Extracted records
===============
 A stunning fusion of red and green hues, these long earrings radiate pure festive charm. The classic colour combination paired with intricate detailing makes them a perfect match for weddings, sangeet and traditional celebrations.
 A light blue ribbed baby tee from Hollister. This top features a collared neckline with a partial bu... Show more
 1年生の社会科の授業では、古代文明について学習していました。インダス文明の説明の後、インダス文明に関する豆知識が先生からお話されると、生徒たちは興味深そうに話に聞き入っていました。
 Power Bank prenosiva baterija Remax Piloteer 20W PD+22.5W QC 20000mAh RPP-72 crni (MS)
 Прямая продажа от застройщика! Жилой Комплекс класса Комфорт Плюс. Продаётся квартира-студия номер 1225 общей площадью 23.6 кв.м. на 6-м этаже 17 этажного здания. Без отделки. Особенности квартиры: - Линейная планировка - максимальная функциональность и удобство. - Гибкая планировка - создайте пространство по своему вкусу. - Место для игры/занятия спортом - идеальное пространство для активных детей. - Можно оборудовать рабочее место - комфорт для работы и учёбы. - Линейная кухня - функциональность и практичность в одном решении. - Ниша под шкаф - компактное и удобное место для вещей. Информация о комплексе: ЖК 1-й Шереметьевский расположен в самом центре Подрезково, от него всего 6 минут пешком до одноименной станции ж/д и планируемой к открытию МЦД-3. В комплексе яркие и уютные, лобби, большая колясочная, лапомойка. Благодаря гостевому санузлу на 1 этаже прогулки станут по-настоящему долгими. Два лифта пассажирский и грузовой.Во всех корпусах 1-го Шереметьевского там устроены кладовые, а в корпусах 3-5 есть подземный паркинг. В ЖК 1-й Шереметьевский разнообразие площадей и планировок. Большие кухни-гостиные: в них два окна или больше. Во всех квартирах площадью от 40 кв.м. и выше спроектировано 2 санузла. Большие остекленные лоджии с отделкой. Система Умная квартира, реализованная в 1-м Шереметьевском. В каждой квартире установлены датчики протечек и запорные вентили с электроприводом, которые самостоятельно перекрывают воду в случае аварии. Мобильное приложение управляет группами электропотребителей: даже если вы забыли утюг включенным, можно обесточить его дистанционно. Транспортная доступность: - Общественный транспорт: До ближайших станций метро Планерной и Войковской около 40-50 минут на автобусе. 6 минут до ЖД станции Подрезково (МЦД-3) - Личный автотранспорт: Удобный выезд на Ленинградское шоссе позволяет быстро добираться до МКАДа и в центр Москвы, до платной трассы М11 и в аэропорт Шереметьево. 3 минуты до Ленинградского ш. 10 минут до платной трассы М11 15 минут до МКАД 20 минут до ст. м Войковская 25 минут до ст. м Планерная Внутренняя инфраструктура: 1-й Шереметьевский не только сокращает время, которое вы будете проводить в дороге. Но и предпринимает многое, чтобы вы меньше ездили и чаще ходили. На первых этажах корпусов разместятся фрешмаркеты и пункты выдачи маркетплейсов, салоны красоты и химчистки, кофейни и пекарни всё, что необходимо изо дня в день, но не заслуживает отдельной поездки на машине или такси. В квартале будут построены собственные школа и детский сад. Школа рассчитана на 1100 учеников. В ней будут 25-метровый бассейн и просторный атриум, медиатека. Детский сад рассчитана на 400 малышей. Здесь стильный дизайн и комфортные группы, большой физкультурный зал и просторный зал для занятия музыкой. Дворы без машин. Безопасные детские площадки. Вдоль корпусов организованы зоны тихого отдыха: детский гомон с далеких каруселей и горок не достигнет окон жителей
===============
» Task directions:
Output, from the data above, the lines from the line with "1年生の社会科の授業では、古" to the line with "Power Bank prenosiva" exactly as they stand, both ends included and nothing else.

» Task solution:
 1年生の社会科の授業では、古代文明について学習していました。インダス文明の説明の後、インダス文明に関する豆知識が先生からお話されると、生徒たちは興味深そうに話に聞き入っていました。
 Power Bank prenosiva baterija Remax Piloteer 20W PD+22.5W QC 20000mAh RPP-72 crni (MS)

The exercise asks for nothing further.